Posted 6/2/2014
The U.S. Fish and Wildlife Service finalized Endangered Species Act protection on Wednesday for four subspecies of Mazama pocket gophers and designated 1,607 acres of protected critical habitat in Washington’s Thurston County, including at the Olympia Airport.
The decision was part of a landmark settlement with the Center for Biological Diversity requiring the agency to speed protection decisions for 757 species across the country.
It also included a “special rule” exempting airport, agricultural and other activities from the prohibitions of the Endangered Species Act — a tactic Fish and Wildlife is increasingly using to avoid inconveniencing industries and landowners with endangered species on their land.

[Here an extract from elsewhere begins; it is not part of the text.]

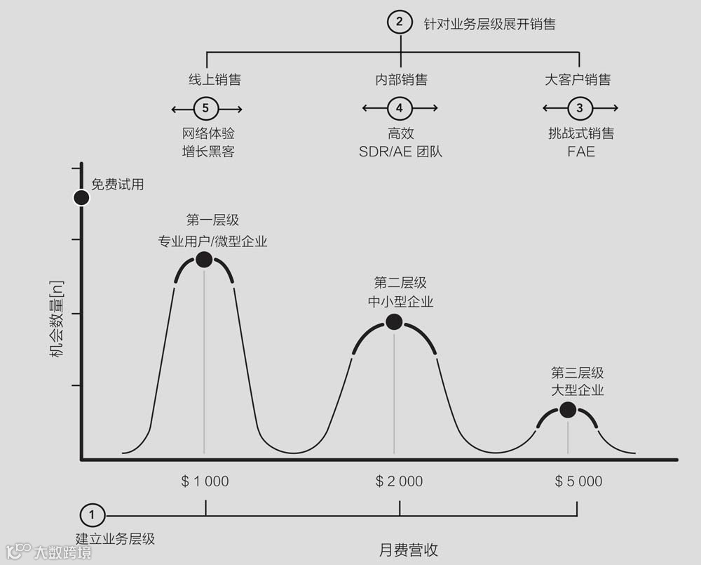 如图所示,SAAS公司的客户可以分为三级,每个公司有可能涉及1~3个等级的客户,组织的建立是需要根据客户层级确定的。小微型客户需要的市场和销售团队的职责和中大型客户的并不一致。

“With this decision, the unique Mazama pocket gopher and its Puget prairie home have a fighting chance,” said Noah Greenwald, the center’s endangered species director. “It’s deeply disappointing, though, to have activities that clearly destroy these pocket gophers’ homes — like plowing — categorically exempted so they can go on as usual. There is a way to balance the need to allow activities that benefit the gopher, such as mowing of airport fields, without exempting harmful activities from regulation. This decision fails to find that balance.”
Mazama pocket gophers are stocky rodents, up to 11 inches in length, with short necks and powerful limbs. They are reddish-brown with a black nose and lips and black patches behind the ears and get their name from pockets in their cheeks that are used to carry vegetation into their burrows.
Pocket gophers serve an important role aerating soils and stimulating plant growth, thereby helping to maintain species richness and diversity in native prairies. They currently are found on a few scattered remnant Puget prairies in Thurston and Pierce counties.
There were once nine subspecies of Mazama pocket gopher, first identified as needing protection in 1985. Since then two subspecies, the Tacoma and Cathlamet pocket gophers, have been declared extinct.
The four subspecies protected today include the Olympia, Roy Prairie, Tenino and Yelm pocket gophers, all of which are said to be threatened by urban and agricultural sprawl that plows under their prairie habitats, as well as invasion of prairies by trees that thrive in the absence of regular fire.
Three other subspecies were determined not to need protection.
“Saving the Mazama pocket gopher means saving the last little bits of beautiful Puget prairie we have left,” said Greenwald. “That’s something that benefits us all.”
That opinion wasn’t universally shared.
“Pocket gophers aren’t endangered and never were,” said Scott Roberts, Citizen Action Network director for the Freedom Foundation, a Thurston County-based free market think tank. “They’re literally everywhere. They abound in numbers and they live in a variety of habitats. You couldn’t reduce their numbers if you tried.”
Glen Morgan, the Freedom Foundation’s property rights director, said the pocket gopher is simply a pawn, like the spotted owl in the 1980s, being used by radical environmentalists to stifle all development in the name of a species that doesn’t need any help.
“The pocket gopher is an excuse, a lightning rod,” he said. “It”s an easy way for the county and state wildlife to set aside tracts of private property as no-touch zones. You can’t irrigate, you can’t fertilize, you can’t disturb the soil, you can’t even put your dogs and cats out.”